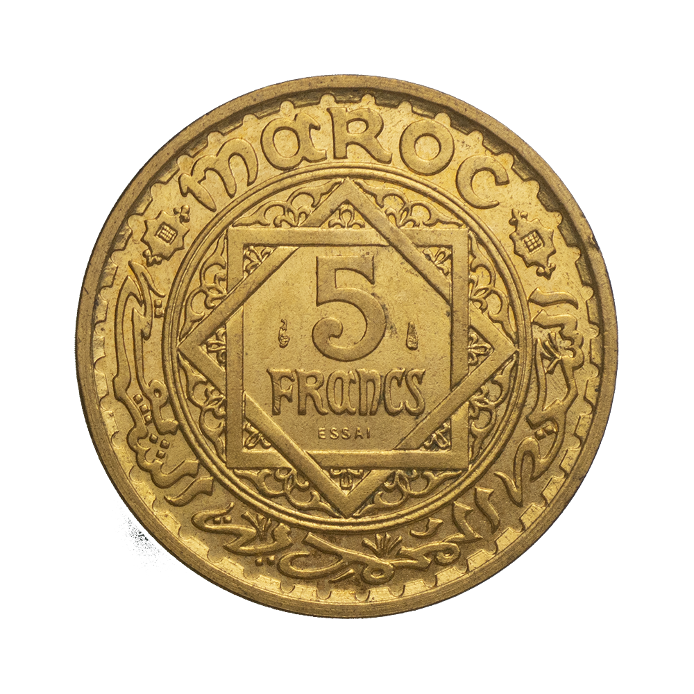 Légende : EN FRANÇAIS ET ARABE : MAROC / 5 / FRANCS / ESSAI / FRAPPE DE LA NOBLE DYNASTIE ISSUE DE MAHOMET.
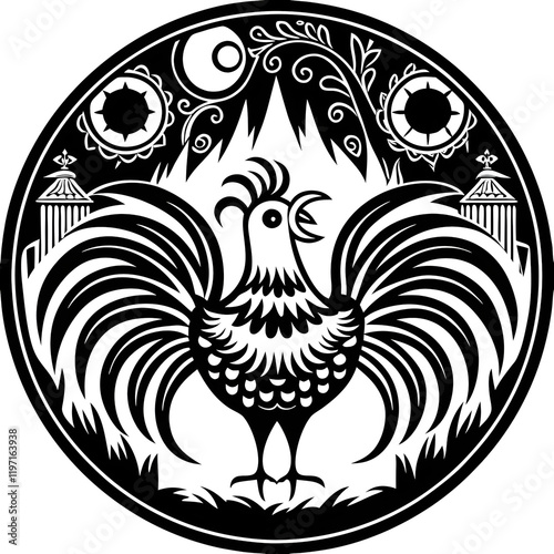 Obraz premium Artistic black and white print of a rooster with decorative elements
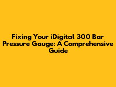 Fixing Your IDigital 300 Bar Pressure Gauge
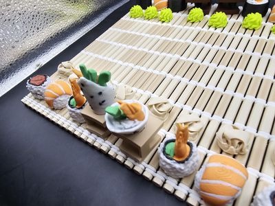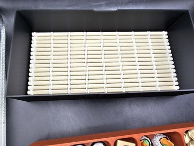 *A miniature sushi rolling mat that unfolds into a chessboard.
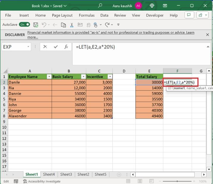 我們可以利用 LET 函式的功能來快速評估數學計算。Excel 的適應性使我們能夠將這些公式用於不同的情況,並保證分析的準確性。它使公式更易於閱讀,並可以幫助讀者更簡潔地理解它。變數在公式內宣告,LET 函式是唯一可以使用它們的地方。
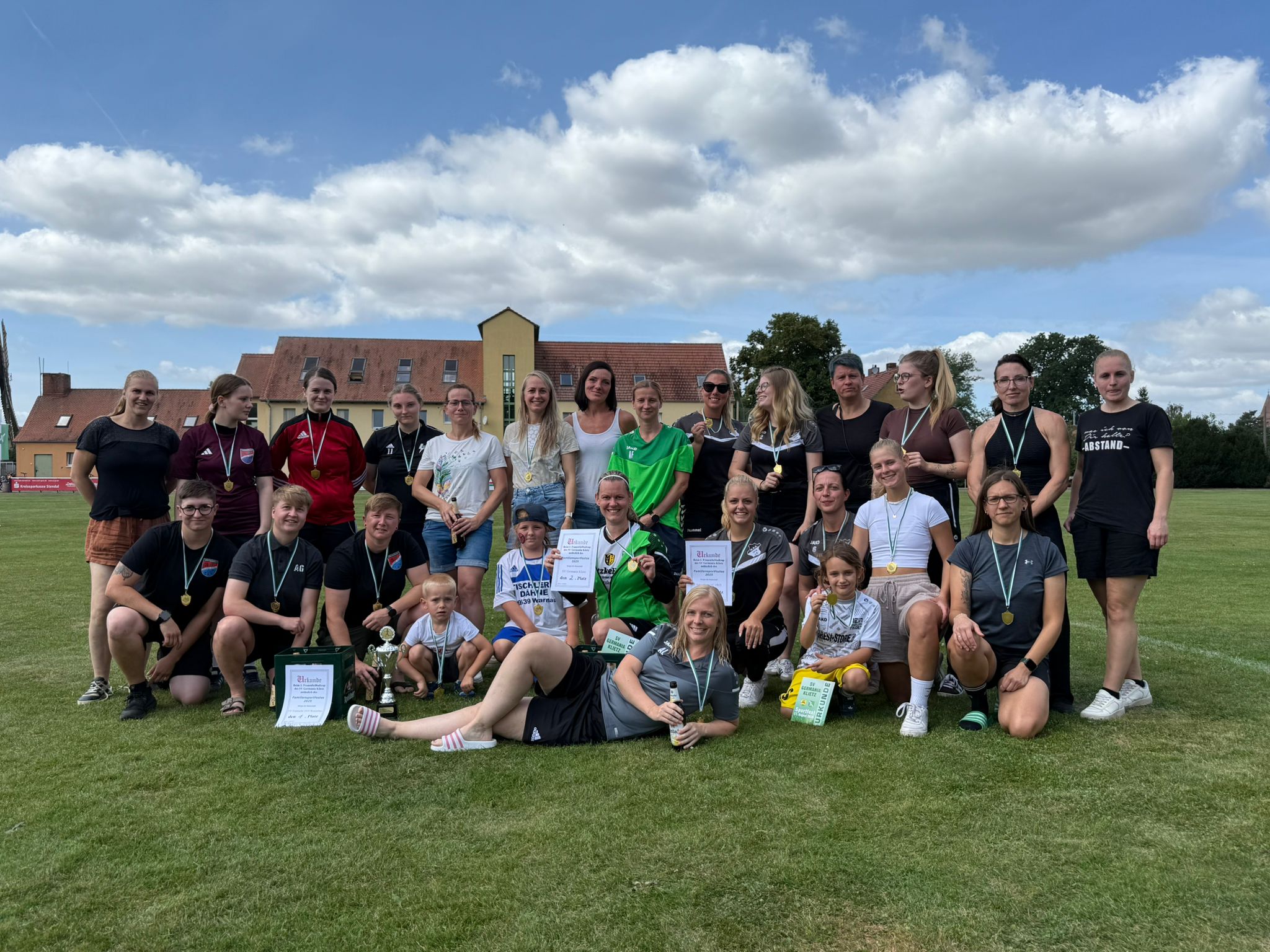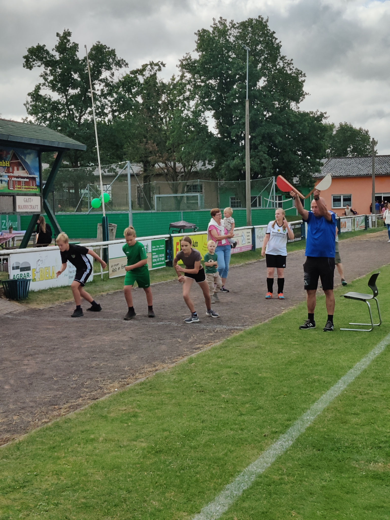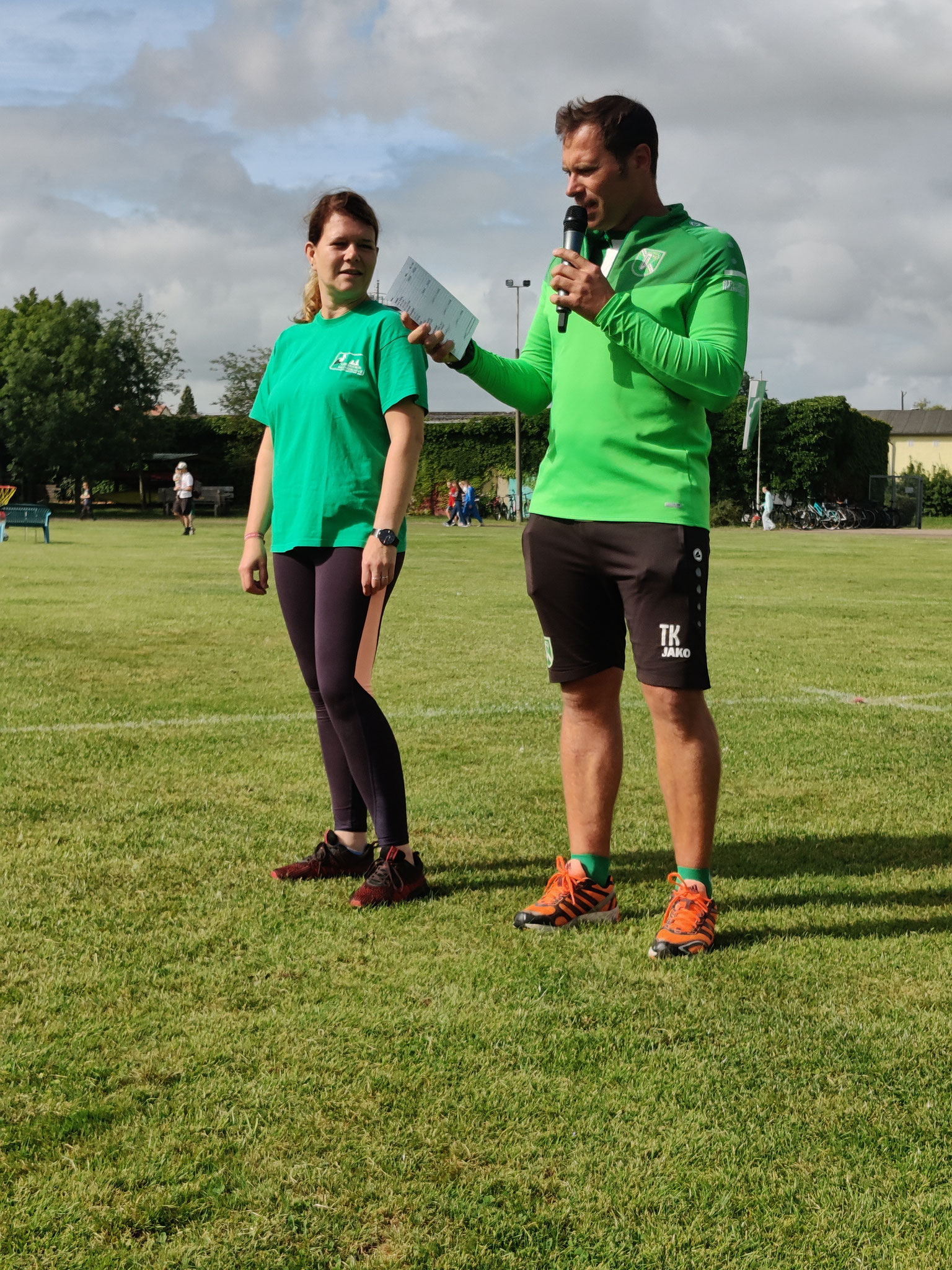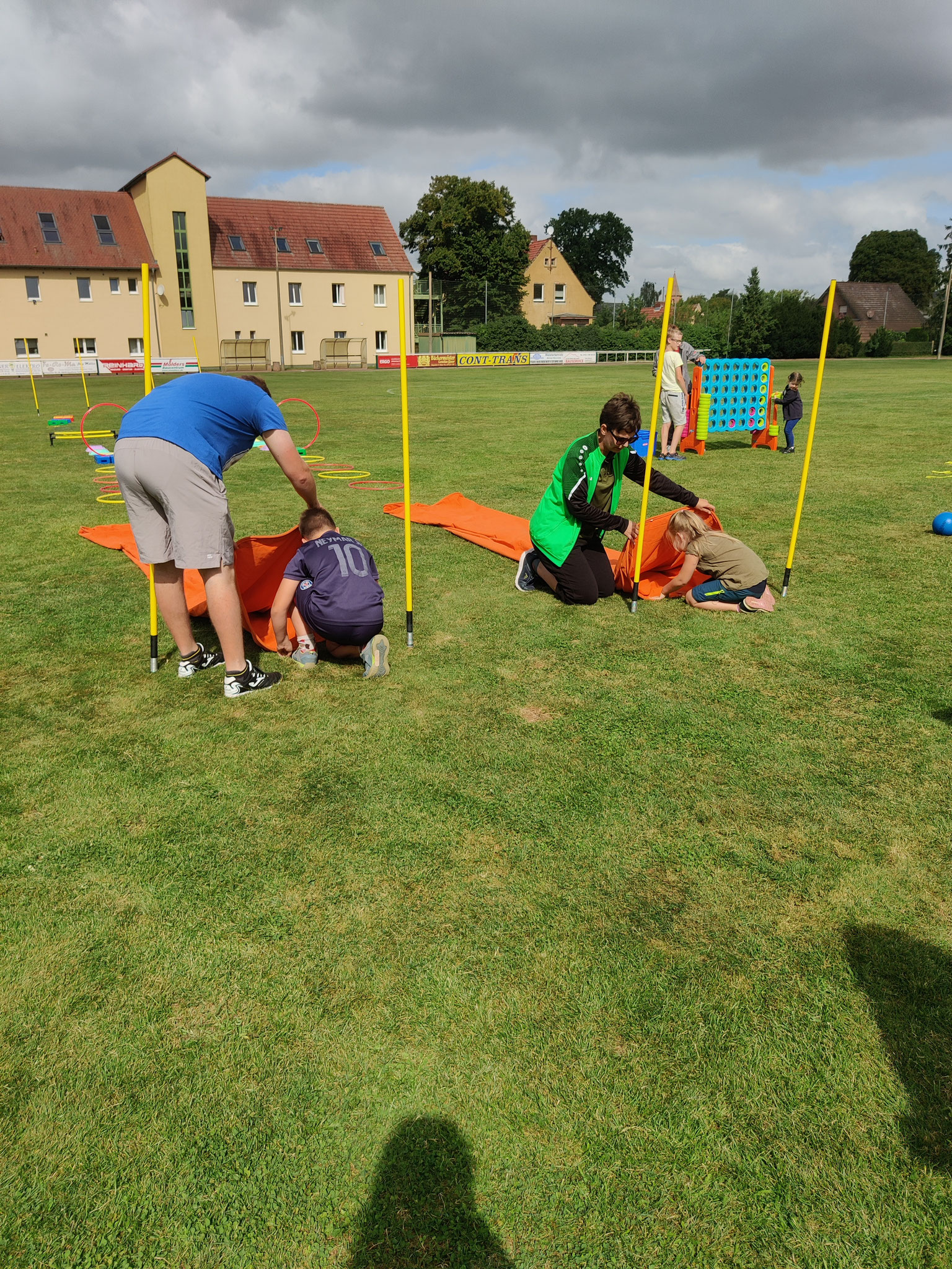 Eröffnet wurde das Fest planmäßig um 10.00 Uhr mit einer kurzen Begrüßung durch den Vorstandsvorsitzenden des SV Germania Klietz Tobias Koch und einer intensiven Erwärmung angeleitet durch die Vorsitzende des Fördervereins „Waldstörche“ Anja Fenn. Dies war der Startschuss für den sportlichen Wettstreit der Familien aus der Gemeinde und dem Umland. Fünf Aufgabenbereiche mit insgesamt 20 verschiedenen Stationen boten allen Teilnehmenden ein umfangreiches Spiel- und Sportangebot. In den Disziplinen Ausdauer, Schnelligkeit, Kraft, Geschicklichkeit und Kindersport konnten alle Teilnehmenden ihr Können unter Beweis stellen. Neben den sportlichen Stationen gab es für die fußballbegeisterten Zuschauer gleichzeitig noch ein Kleinfeldturnier der Damen des SV Germania Klietz zu sehen, deren Einladung der Mögeliner SC und Eintracht Walsleben gefolgt waren. Hierbei zeigten sich die Damen aus Klietz als würdiger Gastgeber und reihten sich am Ende hinter der unschlagbaren Eintracht aus Walsleben auf Platz 2 ein. Geleitet wurden alle Partien vom SV Germania Klietz Schiedsrichter Hauke Bederitzki.

WHAT YOU SHOULD DO:
Skip the pictures and quote each line of the entries above, from the first through the line with "Fixing Your IDigital 300 Bar Pressure Gauge", exactly as it appears.

FINISHED TASK:
 Légende : EN FRANÇAIS ET ARABE : MAROC / 5 / FRANCS / ESSAI / FRAPPE DE LA NOBLE DYNASTIE ISSUE DE MAHOMET.
 Obraz premium Artistic black and white print of a rooster with decorative elements
 Fixing Your IDigital 300 Bar Pressure Gauge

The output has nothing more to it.